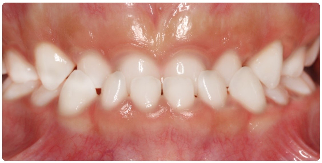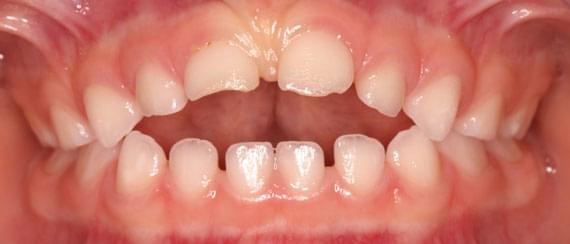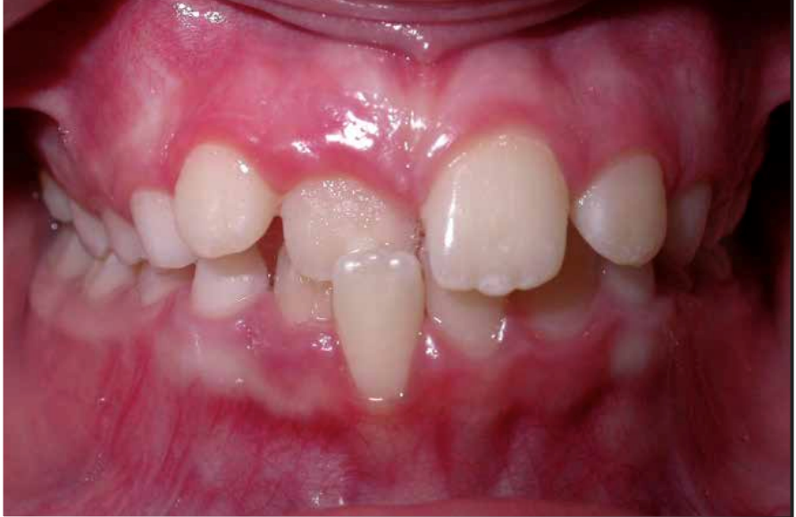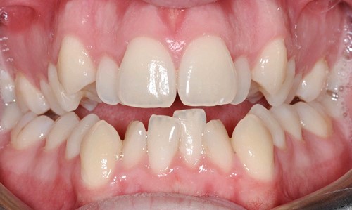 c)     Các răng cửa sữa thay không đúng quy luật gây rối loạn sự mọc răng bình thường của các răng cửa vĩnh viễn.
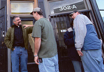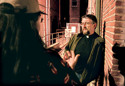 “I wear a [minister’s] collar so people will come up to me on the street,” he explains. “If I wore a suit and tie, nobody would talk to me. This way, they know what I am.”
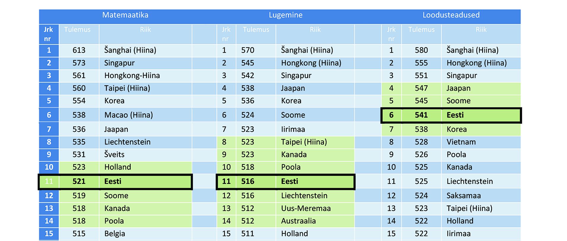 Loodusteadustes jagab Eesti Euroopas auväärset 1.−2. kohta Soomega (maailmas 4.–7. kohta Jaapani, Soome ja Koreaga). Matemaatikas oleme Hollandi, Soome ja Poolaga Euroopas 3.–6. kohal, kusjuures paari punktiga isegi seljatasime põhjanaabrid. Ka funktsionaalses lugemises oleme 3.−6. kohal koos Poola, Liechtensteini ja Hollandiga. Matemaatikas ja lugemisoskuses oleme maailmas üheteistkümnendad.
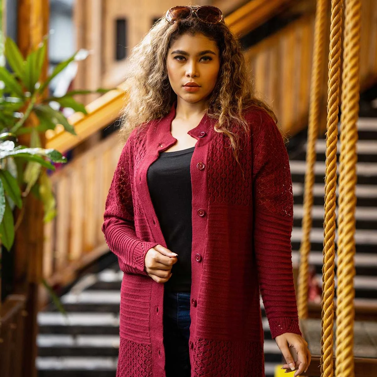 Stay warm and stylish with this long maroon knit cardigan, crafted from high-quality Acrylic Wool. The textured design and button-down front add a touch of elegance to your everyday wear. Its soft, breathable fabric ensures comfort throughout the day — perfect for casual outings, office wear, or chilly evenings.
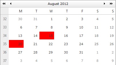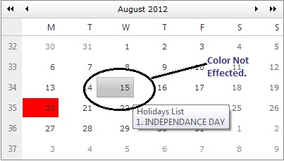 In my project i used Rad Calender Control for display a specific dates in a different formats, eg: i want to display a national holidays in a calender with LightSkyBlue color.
━━━━━━━━━━━━━━━━
### WHAT THE TASK REQUIRES
All of the records should be set down exactly, minus the pictures they hold.

### TASK RESPONSE
 c)     Các răng cửa sữa thay không đúng quy luật gây rối loạn sự mọc răng bình thường của các răng cửa vĩnh viễn.
 “I wear a [minister’s] collar so people will come up to me on the street,” he explains. “If I wore a suit and tie, nobody would talk to me. This way, they know what I am.”
 Loodusteadustes jagab Eesti Euroopas auväärset 1.−2. kohta Soomega (maailmas 4.–7. kohta Jaapani, Soome ja Koreaga). Matemaatikas oleme Hollandi, Soome ja Poolaga Euroopas 3.–6. kohal, kusjuures paari punktiga isegi seljatasime põhjanaabrid. Ka funktsionaalses lugemises oleme 3.−6. kohal koos Poola, Liechtensteini ja Hollandiga. Matemaatikas ja lugemisoskuses oleme maailmas üheteistkümnendad.
 Stay warm and stylish with this long maroon knit cardigan, crafted from high-quality Acrylic Wool. The textured design and button-down front add a touch of elegance to your everyday wear. Its soft, breathable fabric ensures comfort throughout the day — perfect for casual outings, office wear, or chilly evenings.
 In my project i used Rad Calender Control for display a specific dates in a different formats, eg: i want to display a national holidays in a calender with LightSkyBlue color.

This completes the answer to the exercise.